No momento atual da pesquisa em erosão do solo no Brasil, onde já existem inúmeros resultados experimentais obtidos em várias partes do país, alguns publicados, outros não, muitos dispersos e desconhecidos, a preocupação deveria ser em reunir as informações existentes em um grande banco de dados. Fica a sugestão para que a Sociedade Brasileira de Ciência do Solo se responsabilize pela elaboração desse banco de dados, realizando convênios com instituições de pesquisa. Assim, provavelmente, esse empreendimento teria sucesso.

Outro aspecto da pesquisa de erosão do solo está relacionado ao desenvolvimento de um modelo de predição de erosão para características específicas de agroecossistemas brasileiros. Aparentemente essa não é uma das principais prioridades atuais.

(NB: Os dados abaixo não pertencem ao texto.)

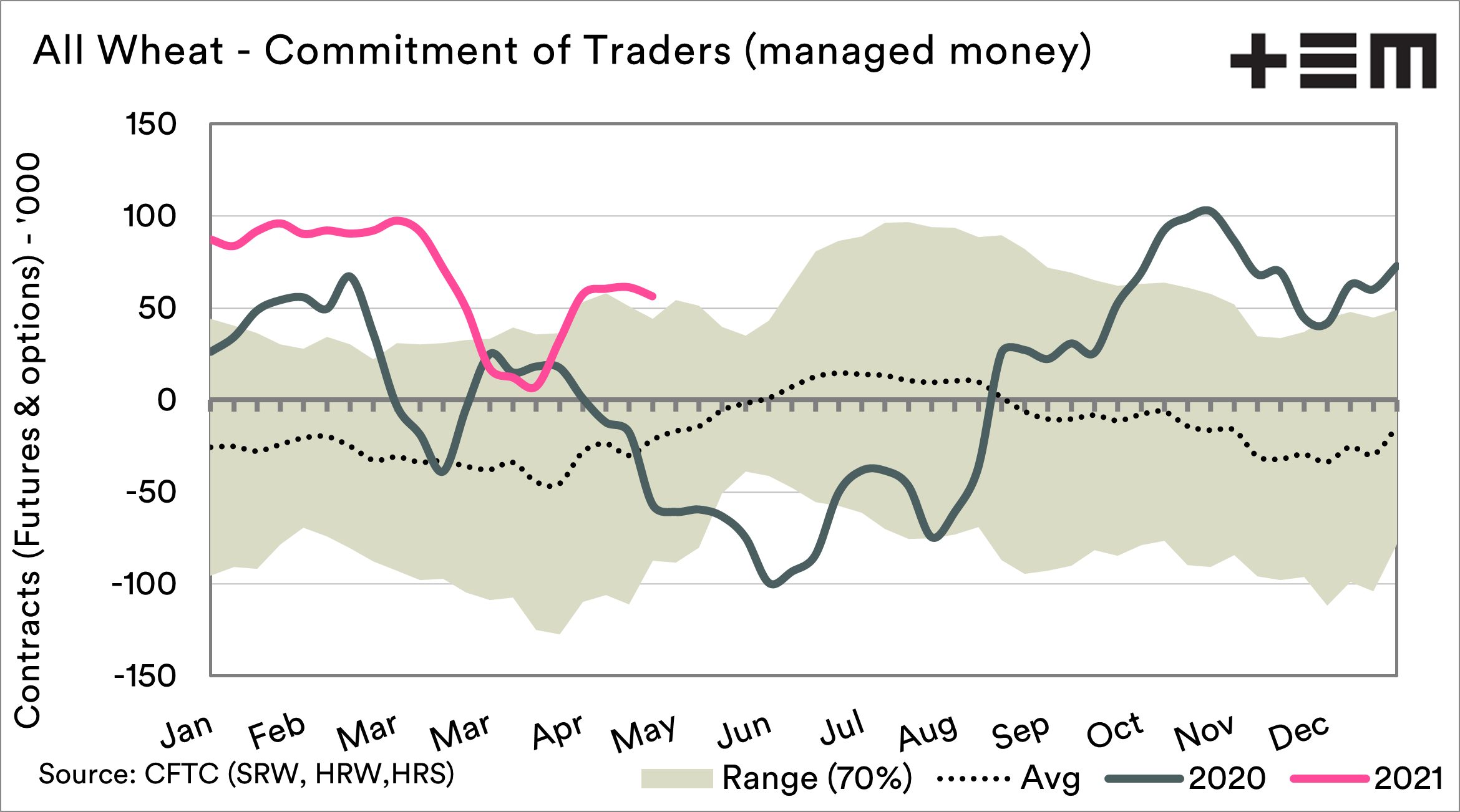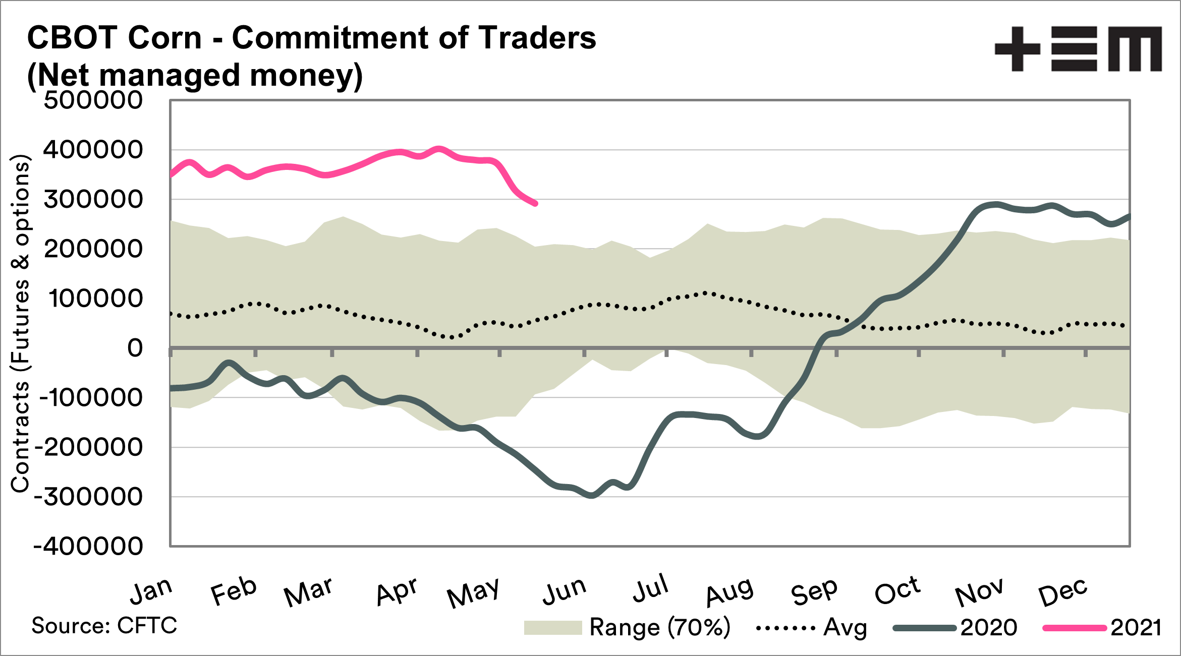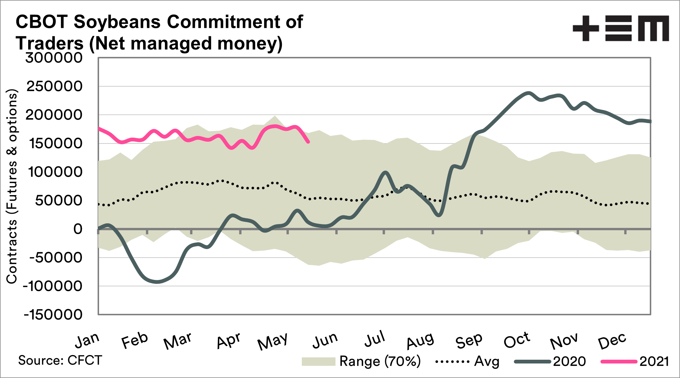 The speculators in the market have sold down large volumes in recent weeks. They have reduced their long position each week of the past five. This week the overall position dropped by 25k contracts and 56k the week prior.

Essa convicção é especialmente apoiada no fato de que um modelo com fundamentação física pode ser aplicado em praticamente todas as partes do mundo, desde que sejam desenvolvidas pesquisas de validação. Entretanto, se algum modelador desenvolver um modelo brasileiro sugere-se a denominação de EROSÃO-500, como uma justa homenagem ao tema dessa XIII Reunião Brasileira de Manejo e Conservação do Solo, inteligentemente relacionada com os 500 anos do descobrimento do Brasil.